» **RAW DATA**:

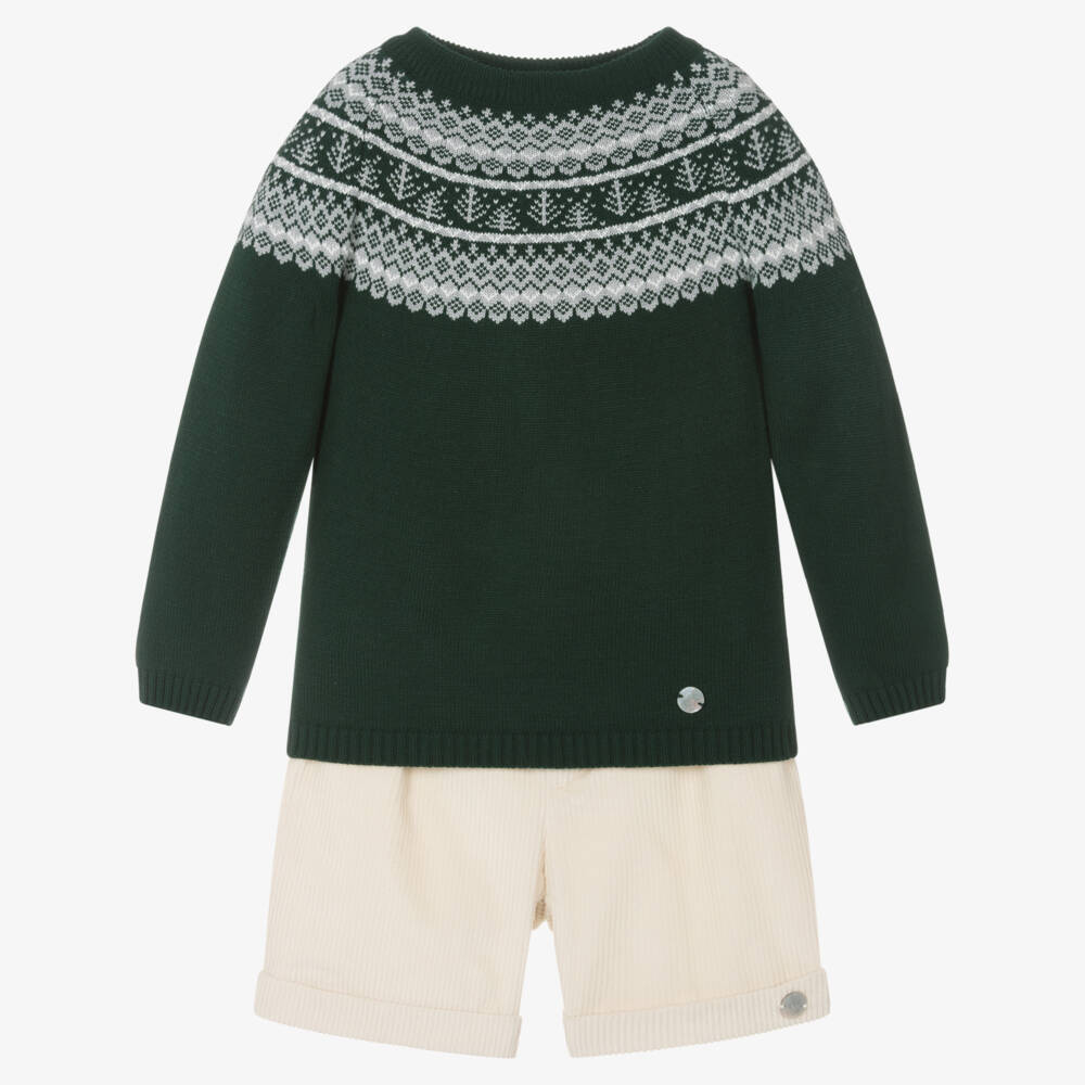 Exclusive to Childrensalon, this green and ivory shorts set for boys is from Artesanía Granlei. The knitted crew neck sweater has a grey Fair Isle pattern and neatly ribbed trims for a classic style. A pair of cotton corduroy shorts complete the outfit, with pockets and turn-up hems. They fasten with a button and a zip and have an adjustable waistband for a good fit. The brand's signature mother-of-pearl charm finishes both pieces.
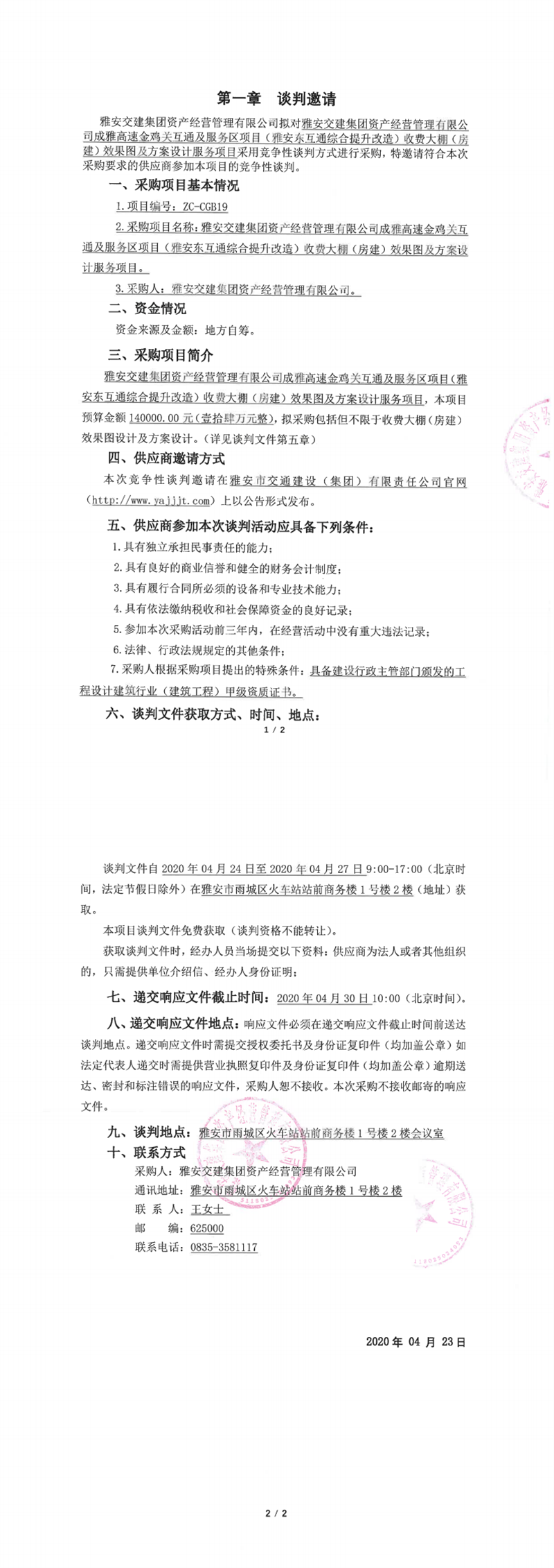 威廉希尔集团资产经营管理有限公司成雅高速金鸡关互通及服务区项目(雅安东互通综合提升改造)收费大棚(房建)效果图及方案设计服务项目竞争性谈判公告
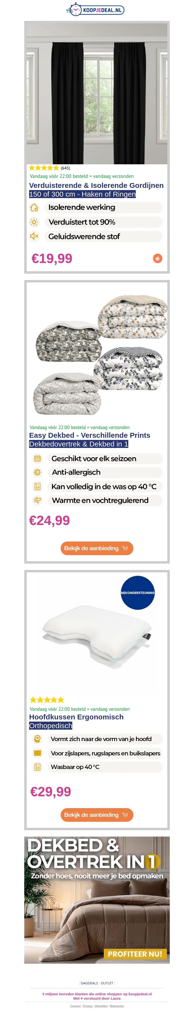 ACTIE: Isolerende Gordijnen €19,99 ✨ | Easy Dekbed €24,99 😴 | Orthopedisch Hoofdkussen €29,99 🩻

» **ASSIGNMENT**:
When you retype the listing, keep every line exactly as it is and drop the pictures.

» **COMPLETED EXERCISE**:
 Exclusive to Childrensalon, this green and ivory shorts set for boys is from Artesanía Granlei. The knitted crew neck sweater has a grey Fair Isle pattern and neatly ribbed trims for a classic style. A pair of cotton corduroy shorts complete the outfit, with pockets and turn-up hems. They fasten with a button and a zip and have an adjustable waistband for a good fit. The brand's signature mother-of-pearl charm finishes both pieces.
 威廉希尔集团资产经营管理有限公司成雅高速金鸡关互通及服务区项目(雅安东互通综合提升改造)收费大棚(房建)效果图及方案设计服务项目竞争性谈判公告
 ACTIE: Isolerende Gordijnen €19,99 ✨ | Easy Dekbed €24,99 😴 | Orthopedisch Hoofdkussen €29,99 🩻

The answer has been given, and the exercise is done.